Another important idea is that “Only compute node knows its own final 
compute-node resource view” or “The accurate resource view only exists at the 
place where it is actually consumed.” I.e., The incremental updates can only 
come from the actual “consumption” action, no matter where it is(e.g. compute 
node, storage service, network service, etc.). Borrow the terms from 
resource-provider, compute nodes can maintain its accurate version of 
“compute-node-inventory” cache, and can send incremental updates because it 
actually consumes compute resources, furthermore, storage service can also 
maintain an accurate version of “storage-inventory” cache and send incremental 
updates if it also consumes storage resources. If there are central services in 
charge of consuming all the resources, the accurate cache and updates must come 
from them.

The third idea is “compatibility”. This prototype focuses on a very small scope 
by only introducing a new host_manager driver “shared_host_manager” with minor 
other changes. The driver can be changed back to “host_manager” very easily.
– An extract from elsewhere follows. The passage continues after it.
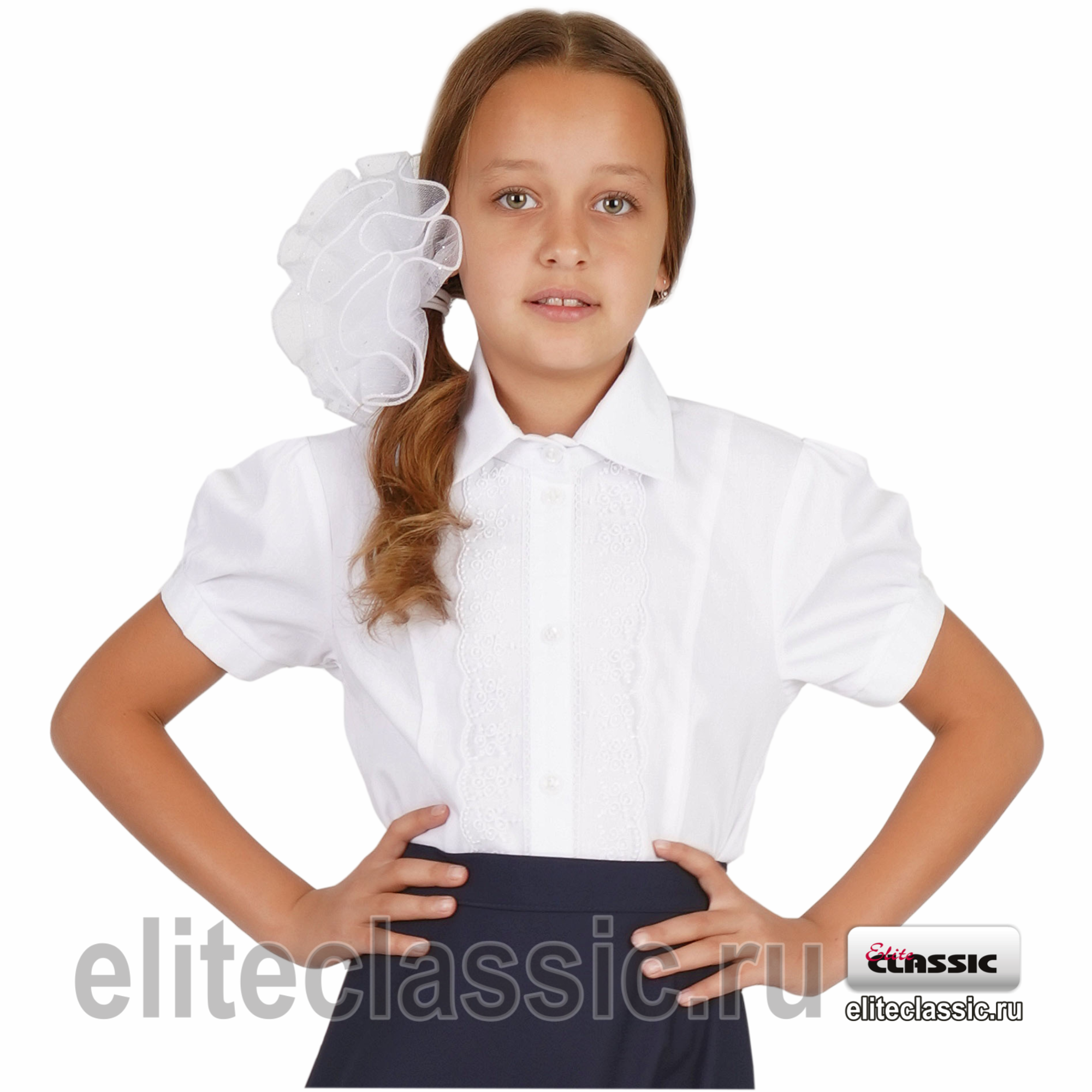 Блузка для школьниц младших и старших классов, прилегающего силуэта с рельефами по переду и спинке из плечевого шва. Воротник отложной. Рукав-фонарик, короткий, втачной, по низу складки, на манжете, манжета застёгивается на одну обмётанную петлю и одну пуговицу. Застёжка центральная на шести обмётанных петлях и шести пуговицах. Акцентом блузки являются объёмные рукав и планка, украшенная кружевом.

It 
can also run with filter schedulers and caching schedulers. Most importantly, 
the filtering and weighing algorithms are kept unchanged. So more changes can 
be introduced for the complete version of “shared state scheduler” because it 
is evolving in a gradual way.


Regards,
-Yingxin

From: Boris Pavlovic [mailto:bo...@pavlovic.me]
Sent: Monday, February 15, 2016 1:59 PM
To: OpenStack Development Mailing List (not for usage questions) 
<openstack-dev@lists.openstack.org>
Subject: Re: [openstack-dev] [nova] A prototype implementation towards the 
"shared state scheduler"

Yingxin,

This looks quite similar to the work of this bp:
https://blueprints.launchpad.net/nova/+spec/no-db-scheduler

It's really nice that somebody is still trying to push scheduler refactoring in 
this way.
Thanks.

Best regards,
Boris Pavlovic

On Sun, Feb 14, 2016 at 9:21 PM, Cheng, Yingxin 
<yingxin.ch...@intel.com<mailto:yingxin.ch...@intel.com>> wrote:
Hi,

I’ve uploaded a prototype https://review.openstack.org/#/c/280047/ to testify 
its design goals in accuracy, performance, reliability and compatibility 
improvements. It will also be an Austin Summit Session if elected: 
https://www.openstack.org/summit/austin-2016/vote-for-speakers/Presentation/7316

I want to gather opinions about this idea:
1. Is this feature possible to be accepted in the Newton release?
2. Suggestions to improve its design and compatibility.
3. Possibilities to integrate with resource-provider bp series: I know 
resource-provider is the major direction of Nova scheduler, and there will be 
fundamental changes in the future, especially according to the bp 
https://review.openstack.org/#/c/271823/1/specs/mitaka/approved/resource-providers-scheduler.rst.
 However, this prototype proposes a much faster and compatible way to make 
schedule decisions based on scheduler caches. The in-memory decisions are made 
at the same speed with the caching scheduler, but the caches are kept 
consistent with compute nodes as quickly as possible without db refreshing.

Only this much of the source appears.